* _Exercise objective_: An exact reproduction of the records is required. Images must be left out.

**** Record set

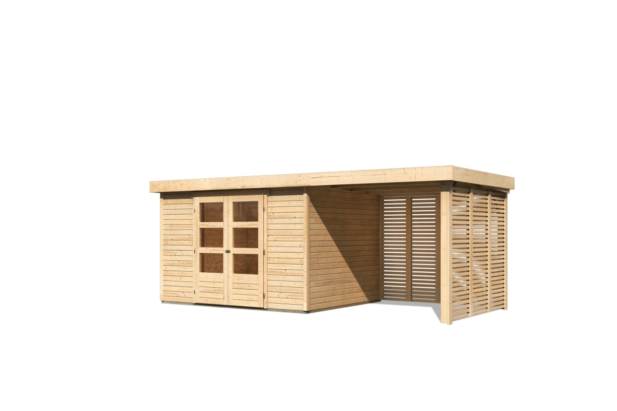 Karibu großes Gerätehaus “Askola 5” Flachdach mit Anbau/Terrasse modern aus Holz in Natur
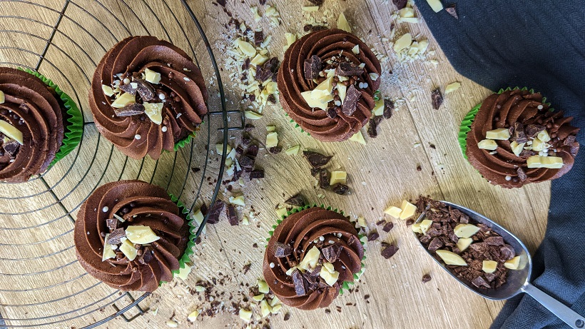 Schoko-Junkies kommen heute so richtig auf ihre Kosten! Ich teile heute mein Rezept für herrlich schokoladige Cupcakes mit euch, in denen sowohl dunkle als auch weiße Schokolade drin ist. Obendrauf gibt es eine fantastische Schoko-Frischkäse Creme mit Mascarpone, die einfach nachzumachen ist und dabei schön frisch schmeckt. Normalerweise bin ich ja kein Freund von weißer Schokolade, da sie sehr süß ist – in diesen sonst recht herben Cupcakes bringt sie aber genau den richtigen Kick. Wie immer bei Cupcakes habe ich den Zucker in den Küchlein reduziert, da die Creme obendrauf bereits süß ist.
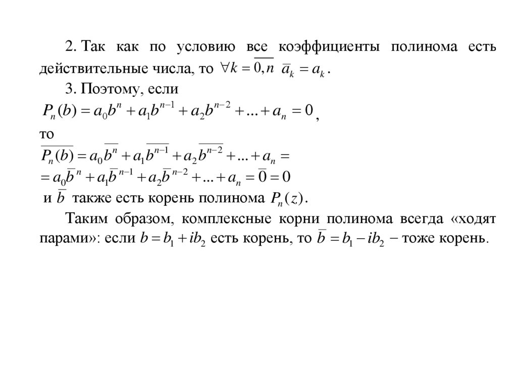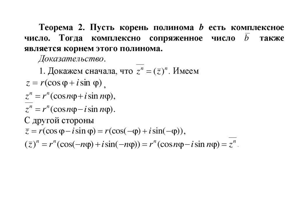 Теорема 2. Пусть корень полинома b есть комплексноечисло. Тогда комплексно сопряженное число b также
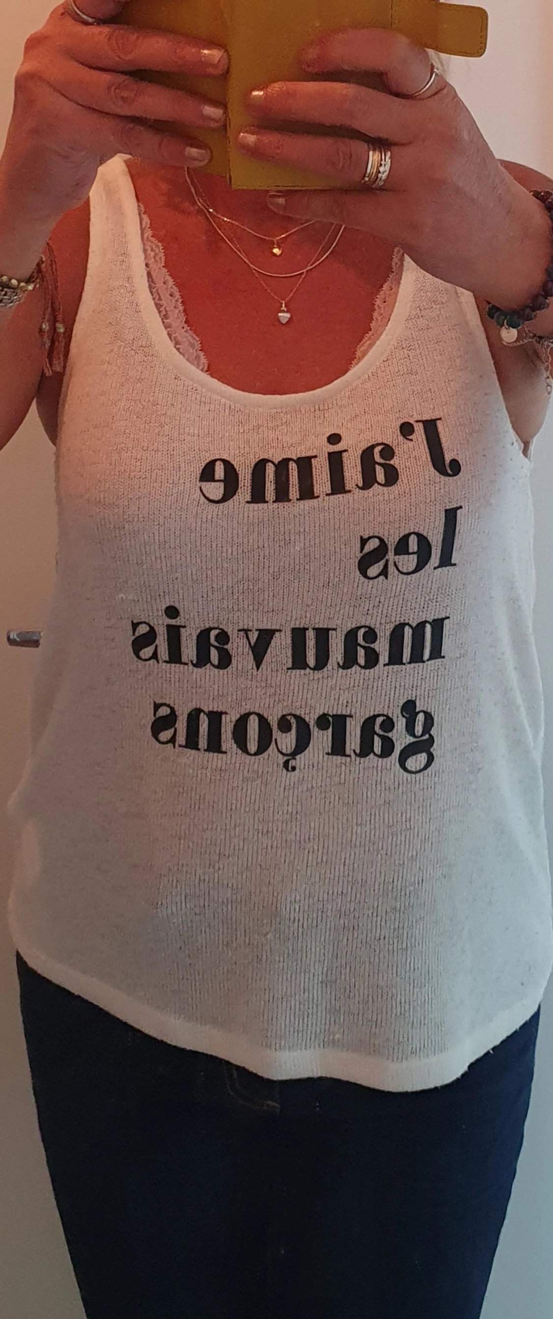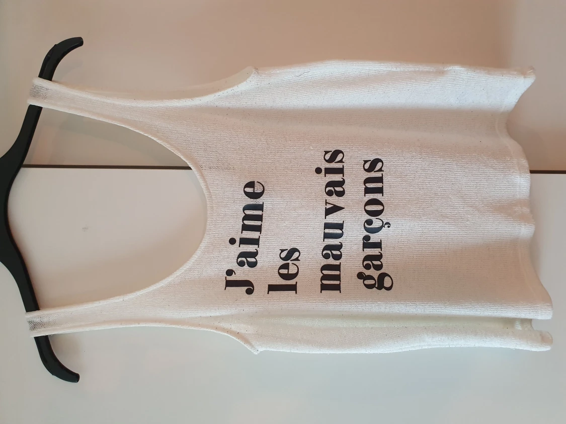 Finstickat vittlinne med svart text på franska som översatt betyder "jag gillar bad boys" Strl M finns ej att köpa längre. Pris 100kr
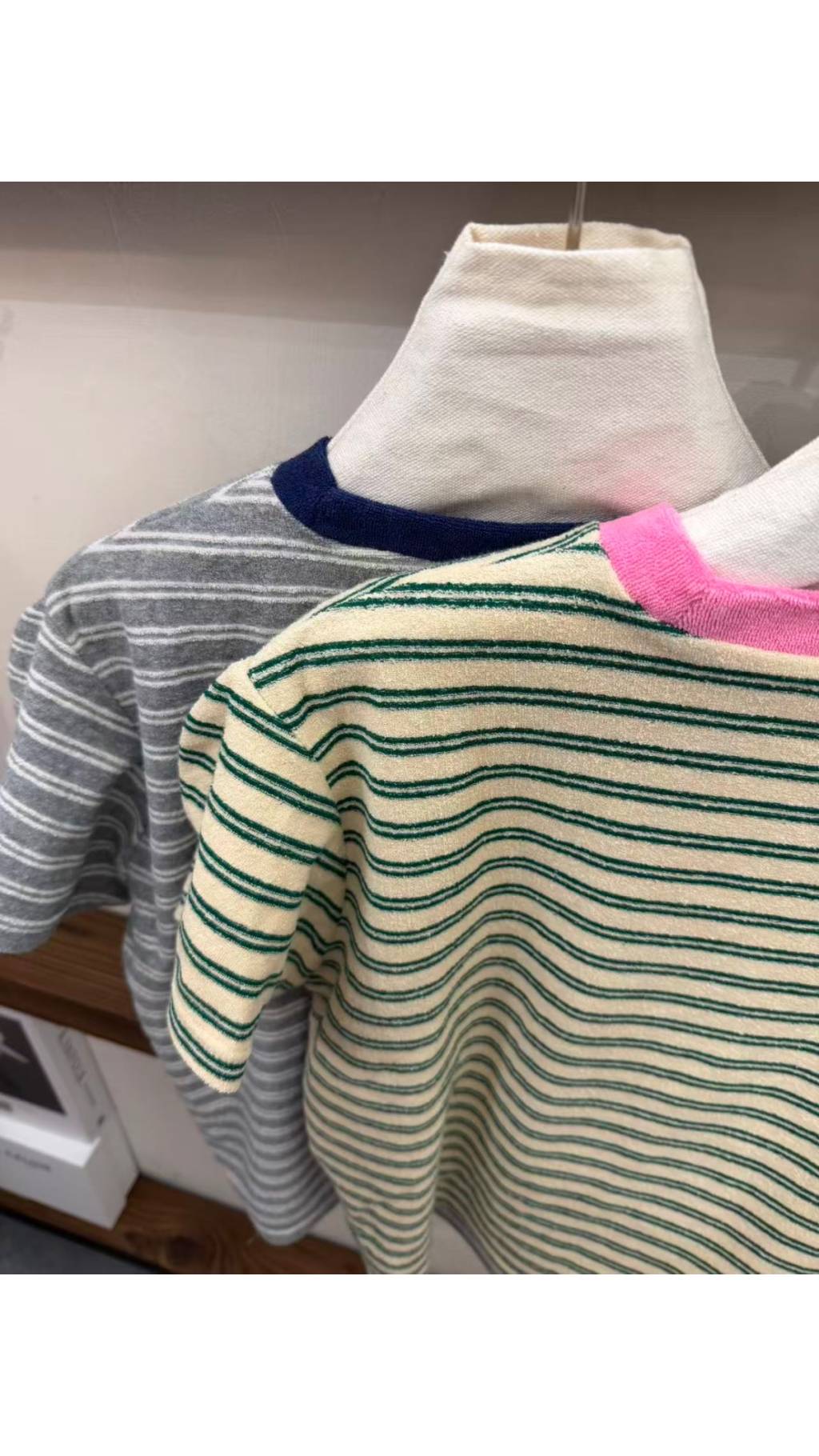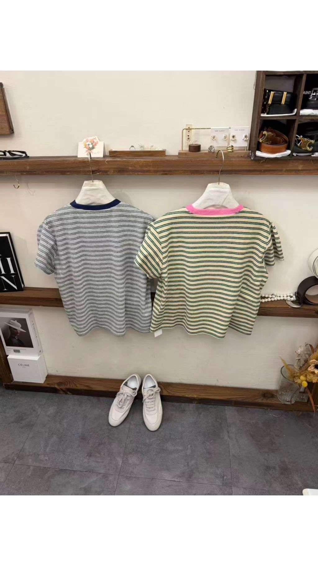 粉領綠條紋:清新減齡的粉色領口搭配綠條紋,顯白不挑皮,打造韓系休閒風與日常減齡風,適合黃皮姐妹放心駕馭。
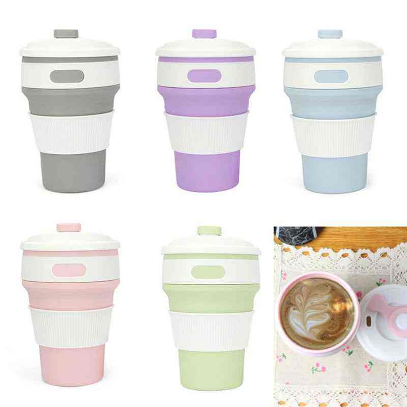 Gobelet à café pliable en silicone de qualité alimentaire, grande capacité, anti-fuite, design sportif portable
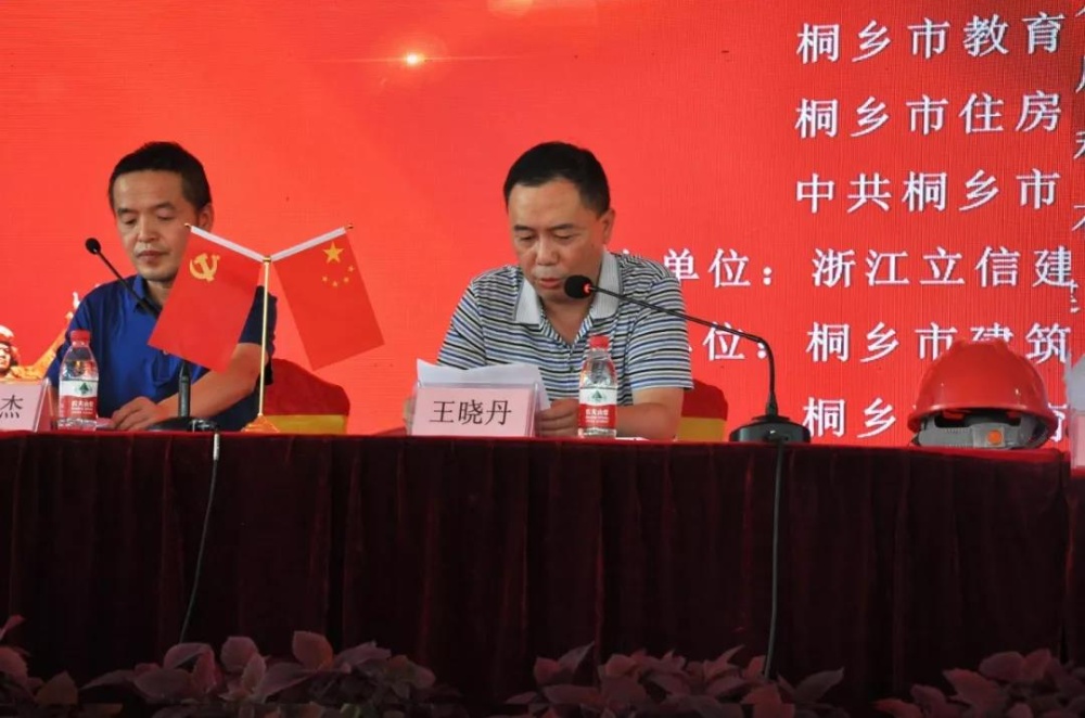 會議先后由教育局副局長王曉丹、桐鄉(xiāng)市城區(qū)開發(fā)管理委員會副主任吳康致辭,浙江立信建設集團有限公司副總經理顧云杰和浙江北圣建設有限公司總經理朱偉良作交流發(fā)言;中共桐鄉(xiāng)市石門鎮(zhèn)委員會黨委副書記楊雄金對創(chuàng)建“紅色工地”,進一步深化黨建引領工作作重要講話。
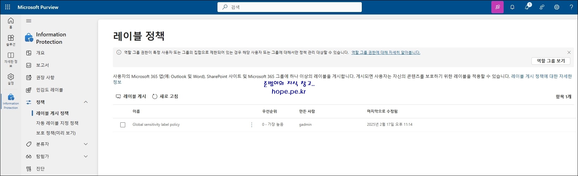 | Microsoft Purview Information Protection(MPIP) 민감도 레이블 만들기 - 사용자 권한 지정 (0) | 2024.11.27 |

********

* _Answer for this exercise_:
 Karibu großes Gerätehaus “Askola 5” Flachdach mit Anbau/Terrasse modern aus Holz in Natur
 Schoko-Junkies kommen heute so richtig auf ihre Kosten! Ich teile heute mein Rezept für herrlich schokoladige Cupcakes mit euch, in denen sowohl dunkle als auch weiße Schokolade drin ist. Obendrauf gibt es eine fantastische Schoko-Frischkäse Creme mit Mascarpone, die einfach nachzumachen ist und dabei schön frisch schmeckt. Normalerweise bin ich ja kein Freund von weißer Schokolade, da sie sehr süß ist – in diesen sonst recht herben Cupcakes bringt sie aber genau den richtigen Kick. Wie immer bei Cupcakes habe ich den Zucker in den Küchlein reduziert, da die Creme obendrauf bereits süß ist.
 Теорема 2. Пусть корень полинома b есть комплексноечисло. Тогда комплексно сопряженное число b также
 Finstickat vittlinne med svart text på franska som översatt betyder "jag gillar bad boys" Strl M finns ej att köpa längre. Pris 100kr
 粉領綠條紋:清新減齡的粉色領口搭配綠條紋,顯白不挑皮,打造韓系休閒風與日常減齡風,適合黃皮姐妹放心駕馭。
 Gobelet à café pliable en silicone de qualité alimentaire, grande capacité, anti-fuite, design sportif portable
 會議先后由教育局副局長王曉丹、桐鄉(xiāng)市城區(qū)開發(fā)管理委員會副主任吳康致辭,浙江立信建設集團有限公司副總經理顧云杰和浙江北圣建設有限公司總經理朱偉良作交流發(fā)言;中共桐鄉(xiāng)市石門鎮(zhèn)委員會黨委副書記楊雄金對創(chuàng)建“紅色工地”,進一步深化黨建引領工作作重要講話。
 | Microsoft Purview Information Protection(MPIP) 민감도 레이블 만들기 - 사용자 권한 지정 (0) | 2024.11.27 |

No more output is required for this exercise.